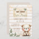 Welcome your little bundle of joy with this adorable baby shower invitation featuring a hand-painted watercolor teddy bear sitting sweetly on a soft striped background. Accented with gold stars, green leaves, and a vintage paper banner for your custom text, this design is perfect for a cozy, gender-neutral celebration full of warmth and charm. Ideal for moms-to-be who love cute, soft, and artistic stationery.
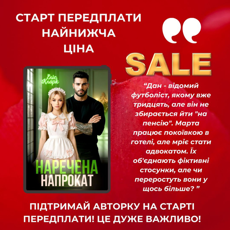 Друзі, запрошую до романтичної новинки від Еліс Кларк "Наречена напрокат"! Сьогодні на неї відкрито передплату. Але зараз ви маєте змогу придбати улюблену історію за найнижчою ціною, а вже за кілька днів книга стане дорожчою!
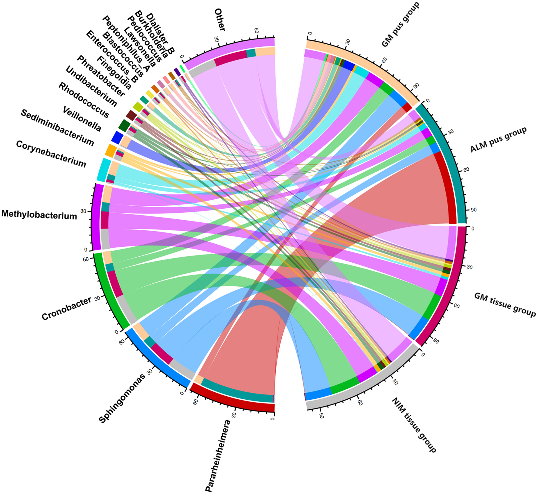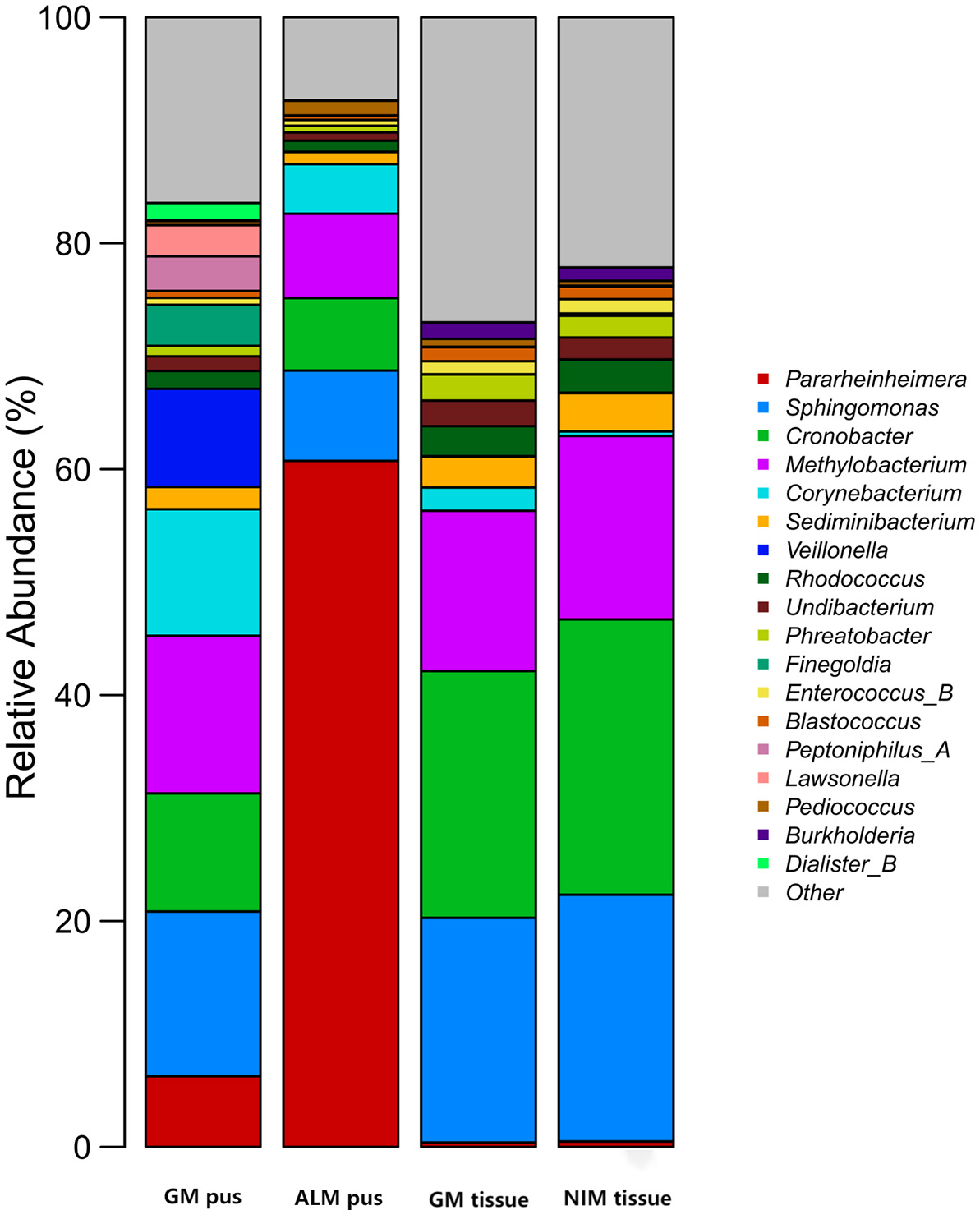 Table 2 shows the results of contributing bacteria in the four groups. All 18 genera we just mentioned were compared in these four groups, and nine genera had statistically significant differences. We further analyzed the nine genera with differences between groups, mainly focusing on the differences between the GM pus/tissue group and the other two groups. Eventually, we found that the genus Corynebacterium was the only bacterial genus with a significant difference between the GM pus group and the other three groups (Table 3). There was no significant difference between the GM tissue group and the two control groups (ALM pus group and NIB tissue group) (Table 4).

---

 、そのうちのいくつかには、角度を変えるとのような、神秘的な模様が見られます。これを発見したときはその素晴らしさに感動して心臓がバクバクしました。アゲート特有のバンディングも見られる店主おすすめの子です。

WHAT TO WORK ON: Taking the records above, print only and exactly the lines from the line with "Welcome your little" to the line with "Table 2 shows", both kept, and exclude pictures.

SOLUTION FOR THIS TASK:
 Welcome your little bundle of joy with this adorable baby shower invitation featuring a hand-painted watercolor teddy bear sitting sweetly on a soft striped background. Accented with gold stars, green leaves, and a vintage paper banner for your custom text, this design is perfect for a cozy, gender-neutral celebration full of warmth and charm. Ideal for moms-to-be who love cute, soft, and artistic stationery.
 Друзі, запрошую до романтичної новинки від Еліс Кларк "Наречена напрокат"! Сьогодні на неї відкрито передплату. Але зараз ви маєте змогу придбати улюблену історію за найнижчою ціною, а вже за кілька днів книга стане дорожчою!
 Table 2 shows the results of contributing bacteria in the four groups. All 18 genera we just mentioned were compared in these four groups, and nine genera had statistically significant differences. We further analyzed the nine genera with differences between groups, mainly focusing on the differences between the GM pus/tissue group and the other two groups. Eventually, we found that the genus Corynebacterium was the only bacterial genus with a significant difference between the GM pus group and the other three groups (Table 3). There was no significant difference between the GM tissue group and the two control groups (ALM pus group and NIB tissue group) (Table 4).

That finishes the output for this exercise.